Solid State Fluorescence

Publications En lien

• J. Org. Chem. 2019, 84(16), 9965-9974 / DOI: 10.1021/acs.joc.9b01120
• ACS Appl. Mater. Interfaces 2018, 10(30), 25154-25165 / DOI: 10.1021/acsami.8b07859
• Dyes Pigm. 2018, 156, 116-132 / DOI: 10.1016/j.dyepig.2018.03.049
• RSC Adv. 2016, 6 (96), 94200-94205 / DOI: 10.1039/c6ra17438h
• J. Mater. Chem. C 2016 4, 766-779 / DOI: 10.1039/c5tc03465e
• Chem. Mat. 2011, 23, 862-873

Design of Small Organic Fluorophores Emitting in the Solid State

Organic molecules emitting in the solid state are much sought after for their applications in bio-imaging, in which they represent an interesting alternative to soluble fluorophores. In that perspective, red emitting compounds are the most promising.

We are particularly interested in small push-pull dipolar molecules, in which the terminal functional groups on the donor and on the acceptor end can easily be changed to tune the emission properties in the solid state. We undertook a systematic molecular engineering around this structure in order to identify the most promising groups. We are also trying to understand the role of the self-assembly and of the interactions between molecules in the solid state fluorescence with the aim of rationalizing the excitonic origin of the phenomenon. To that end, we used X-ray diffraction coupled with theoretical calculation in addition to fluorescence spectroscopy.

Functional group variation on push-pull dipolar structure

Crystal paking showing different types of aggregates in the solid state

For all the compound studied, the X-ray crystal structure show the presence of long chain of specific aggregates in the form of J-aggregates, whereas the crystal packing of the non-emitting compounds reveal tighly packed dimer.

With the aim of pushing the emission in the far red / near-infrared region, we used strong electron-accepting moeities such as dicyanoisophorone and 2-dicyanomethylene-3-cyano-4,5,5-trimethyl-2,5-dihydrofurane (also called TCF). Emission above 700 nm could be obtained with quantum yield (Φ_F) as high as 5% and over 25% for emission at λ_em=680 nm. For a given electron-accepting group, subtle variation in the donor end, such as changing the alkyl groups on the N,N-dialkylamino moiety (Chem. Mater. 2011, 23, 862-873), ) or varying the number and the position of methoxy group on TCF dipole (J. Mater. Chem. C 2016, 4, 766-779), induced considerable change on the solid-state fluorescence.

Further modification around the push-pull structure have been realized, with the aim of improving the quantum yield while shifting the emission to the near-infrared (> 800 nm), J. Org. Chem. 2019, 84(16), 9965-9974.

In parallel to the design of new fluorophores emitting in the solid-state, we are also trying to develop stable, ultrabright and biodegrable tracers based on these organic fluorophores embedded in polymer nanocapsules (ACS Appl.
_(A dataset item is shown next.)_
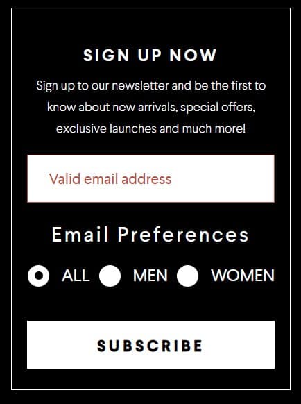 Northskull учитывает пол покупателя при предложении подписаться на их новости

Mater. Interfaces 2018, 10(30), 25154-25165) or in mix polymer/silica nanoparticles (RSC Adv. 2016, 6, 94200-94205). Beside obtaining high quantum yield on the nano-aggregates, the main challenge here is to control and decrease the size of the nanoparticles as well as increasing the stability.

The NP probes were successfully tested in vivo on mice bearing tumours without diffusion across the tumour vascular endothelium. The two photon excitation wavelength at 1000 nm is optimum for deep tissue excitation.

Collaboration

• F. Ganachaud, J. Bernard, S. Chambert (INSA Lyon) for the nanoparticles design.
• B. van der Sanden (Clinatec Grenoble) for imaging study.